This section is from the book "Practical Concrete Work for the School and Home", by H. Colin Campbell. Also available from Amazon: Practical concrete work for the school and home.
Most of the tools required in concrete work are simple and many of them can be home made. The principal ones are the following:
Screen.
Mixing platform.
Square pointed shovels.
Measuring box.
Pails.
Hose.
Tamper.
Spading tool.
Strikeboard.
Wood float.
Steel trowel.
Edger.
Groover.
Wheelbarrow.
A sand screen should be 2 feet 6 inches or 3 feet wide, and 6 feet long. The frame may be made of 1l/2 or 2-inch lumber, 4 to 6 inches wide. Legs should be so attached to the sides that the screen can be set at the desired angle while throwing material upon it to separate the sand from the pebbles. This angle should be about 45 degrees. A piece of wire cloth or fabric should be nailed to the frame. This may be either 3/8-inch slotted screen wire with cross wires from 4 to 6 inches apart or a woven wire fabric having 4 meshes to the linear inch (16 to the square inch). Material to be screened is thrown in shovelfuls against the upper portion of the screen and in rolling down, the sand and pebbles are separated.
A mixing platform may be made by using a piece of sheet steel about 1/8 inch thick with 2 by 4's set on edge and properly fastened to three of the four edges or sides of the steel; or the platform can be made entirely of wood. In this case the floor of the platform should be of not less than 1 1/2-inch lumber, 4 to 6 inches wide, tongued and grooved, and surfaced on the side that is to be uppermost, that is, the side upon which mixing is done. This will make it easy to shovel materials. If tongued and grooved lumber is not obtainable, the edges of the boards should be planed or jointed so that they can be nailed closely together on 3 by 4 or 4 by 4-inch stringers, placed two or more feet apart, to make a firm, unyielding platform upon which to work. Two by 4 strips should be nailed to three sides so that when shoveling materials in mixing, they will not be shoveled off the board.
The measuring box is necessary to measure exact quantities of sand and pebbles or broken stone.

Concrete lawn bench with considerable ornament.

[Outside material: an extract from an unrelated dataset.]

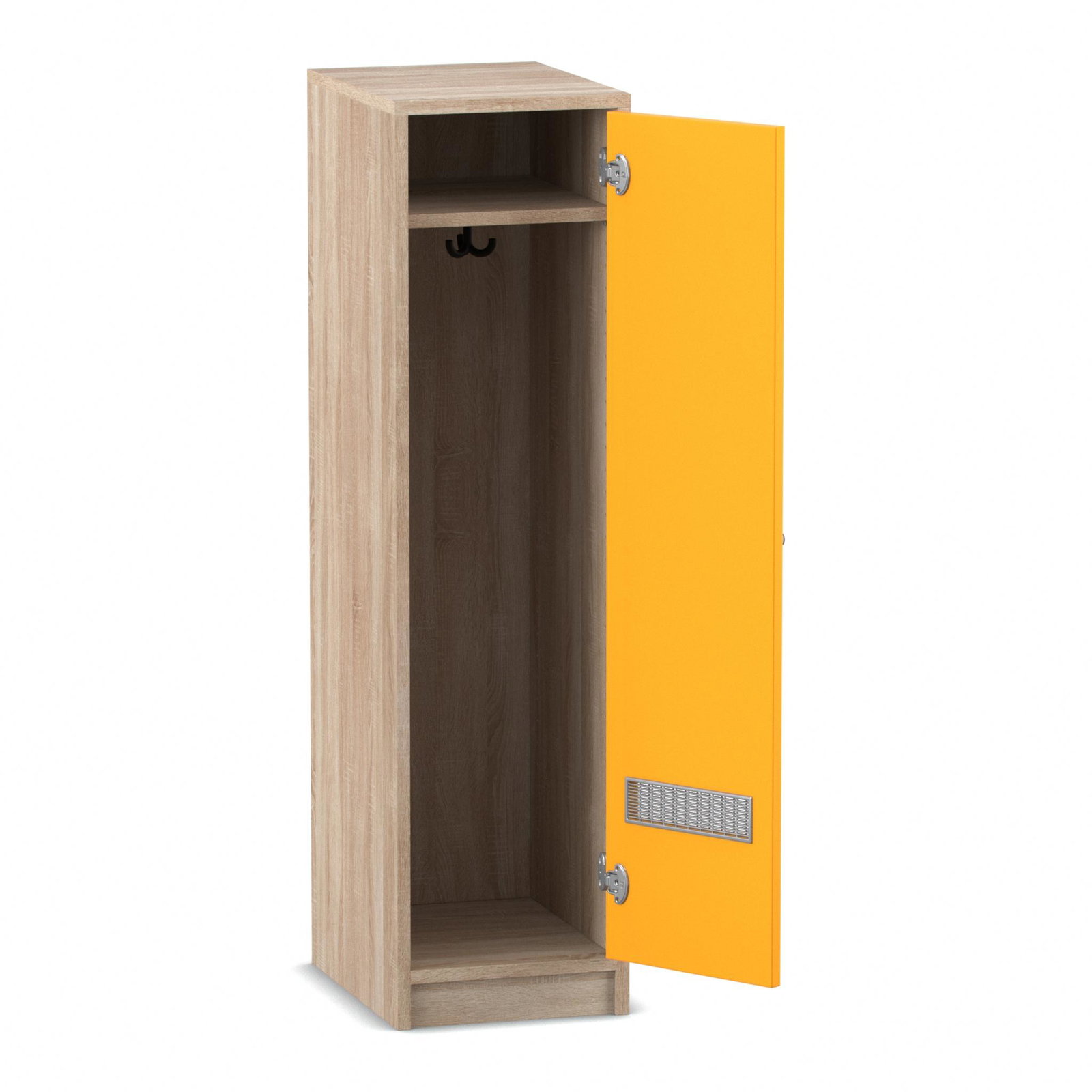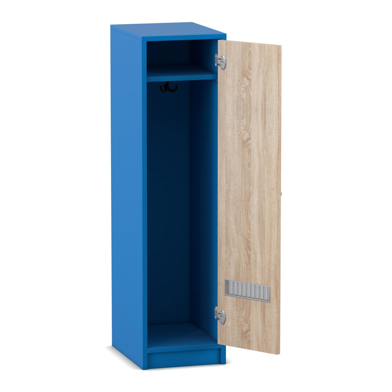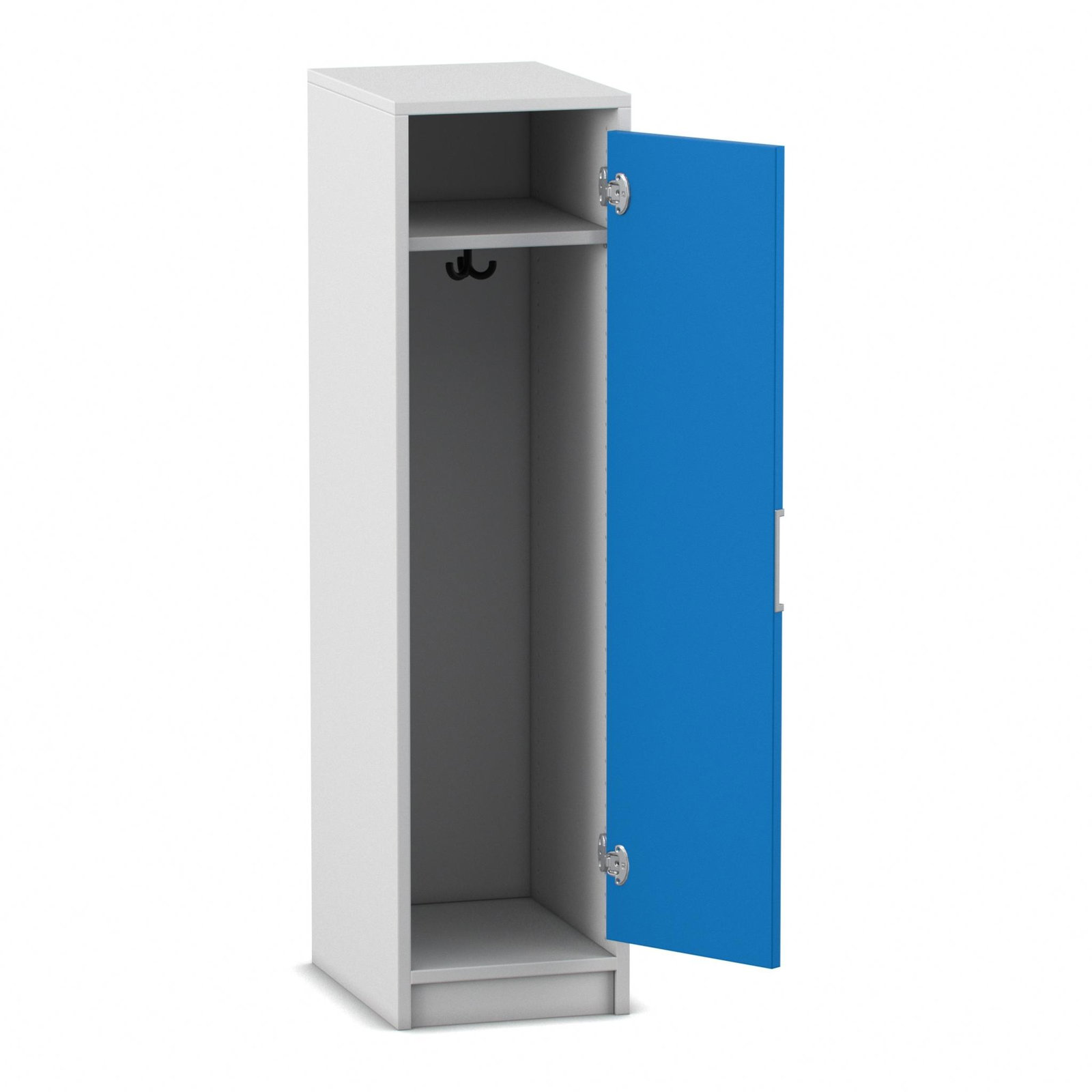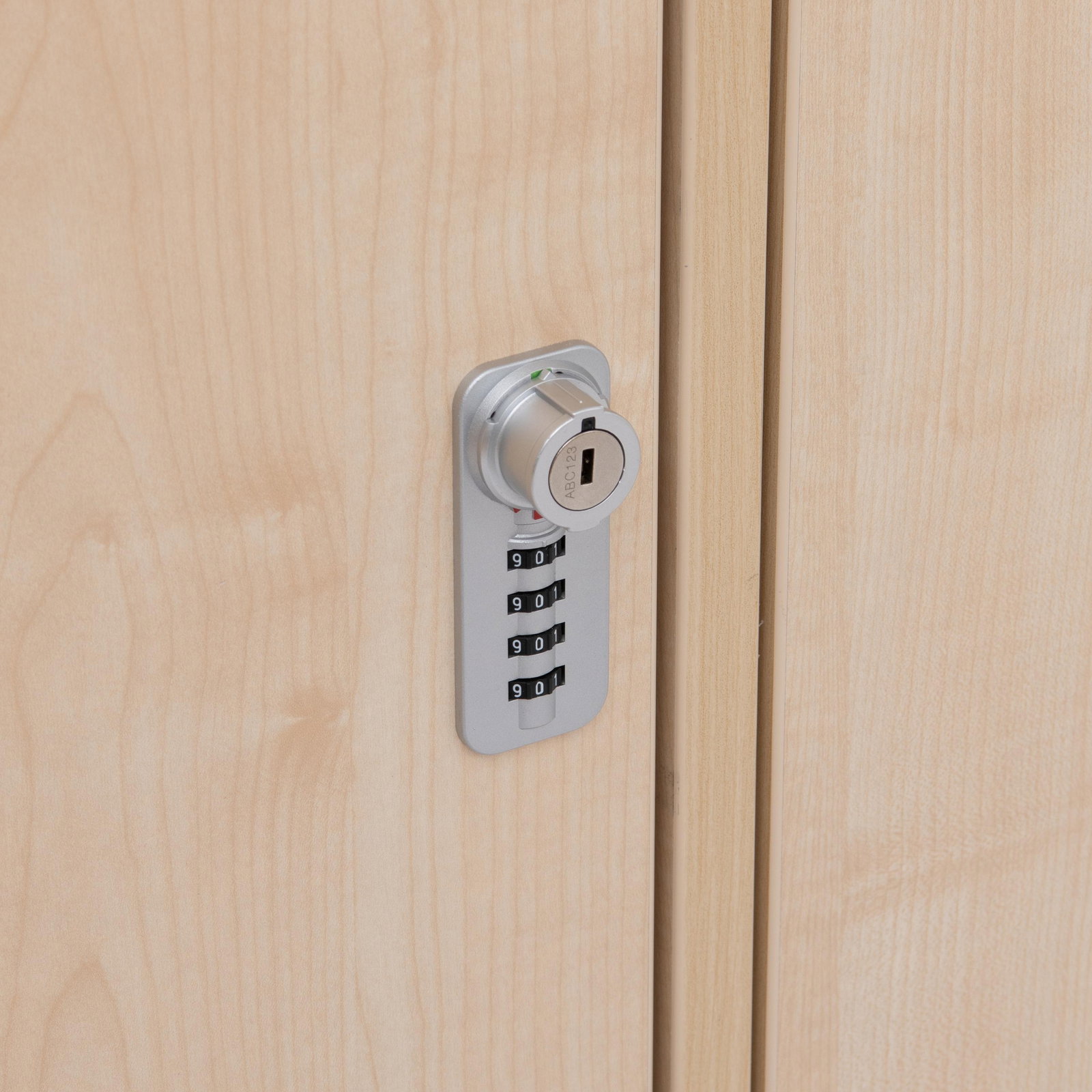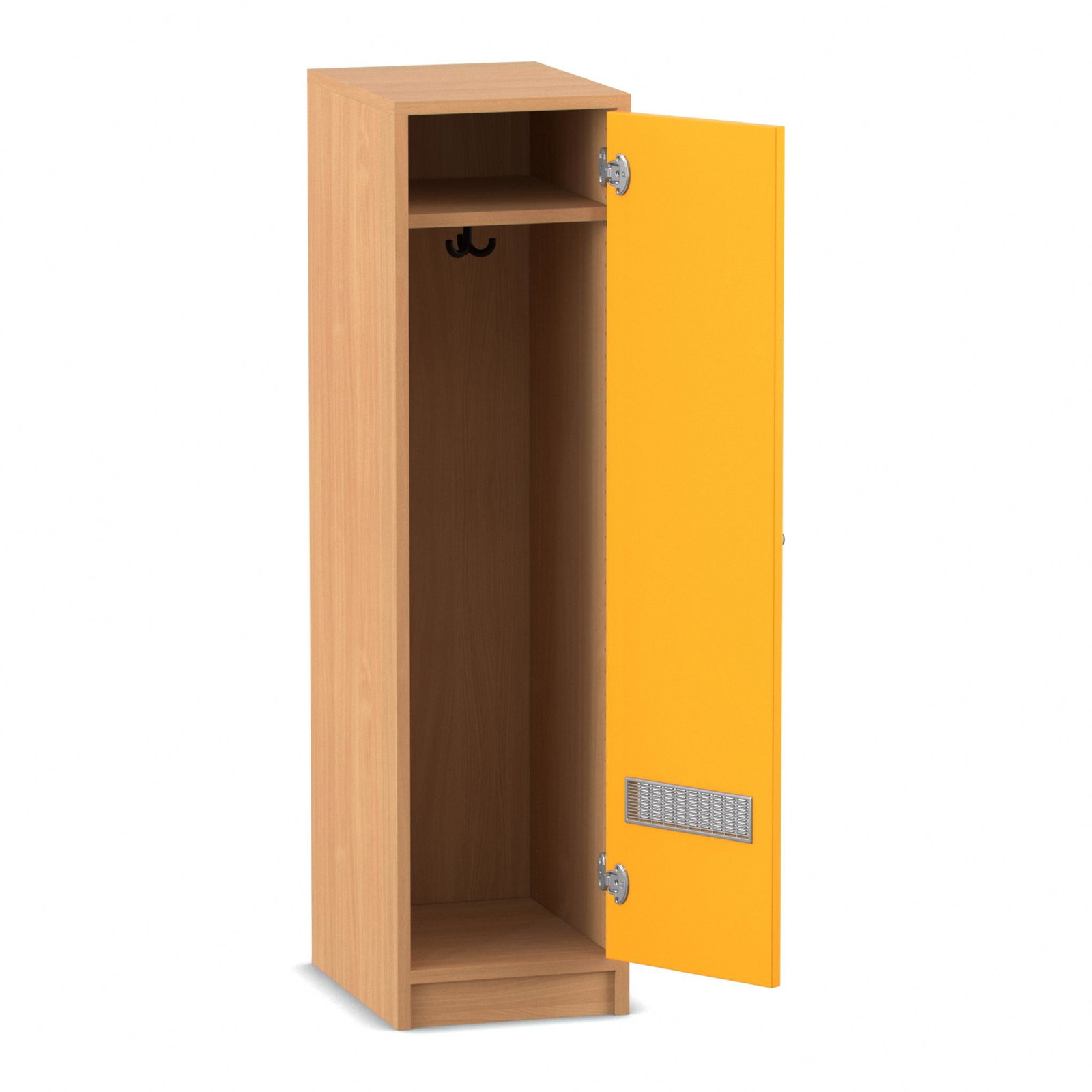 Möbel in Bildungseinrichtungen müssen jeden Tag enormen physischen Belastungen aushalten. Deshalb fertigen wir diesen Schrank aus erstklassigen Holz-Spanplatten, die mit einer hochwertigen Melaminharzbeschichtung versehen sind. Diese spezielle Oberfläche ist extrem widerstandsfähig. Sie ist dauerhaft kratzfest, stoßfest und abriebfest. Harte Reißverschlüsse oder unachtsame Stöße hinterlassen keine Spuren. Auch die Reinigung gestaltet sich denkbar einfach: Leichte Verschmutzungen wischen Sie schnell mit einem feuchten Baumwoll- oder Mikrofasertuch ab. Bei Bedarf nutzen Sie milde, handelsübliche Reinigungsmittel, um dauerhaft eine hygienische Umgebung zu wahren.

Such a box is a bottomless frame made of 1 or 1 1/2-inch material and should have a capacity not less than 1 cubic foot. If larger, then it should be of 2, 3 or 4 cubic feet capacity and should be marked on the inside so that at certain levels the markings will show volumes of 1, 2, 3, etc., cubic feet. Handles are placed on the sides of the box to make lifting easy after the material required has been measured.
For mixing concrete, ordinary square pointed shovels are used. These are familiar objects to everyone and need no description.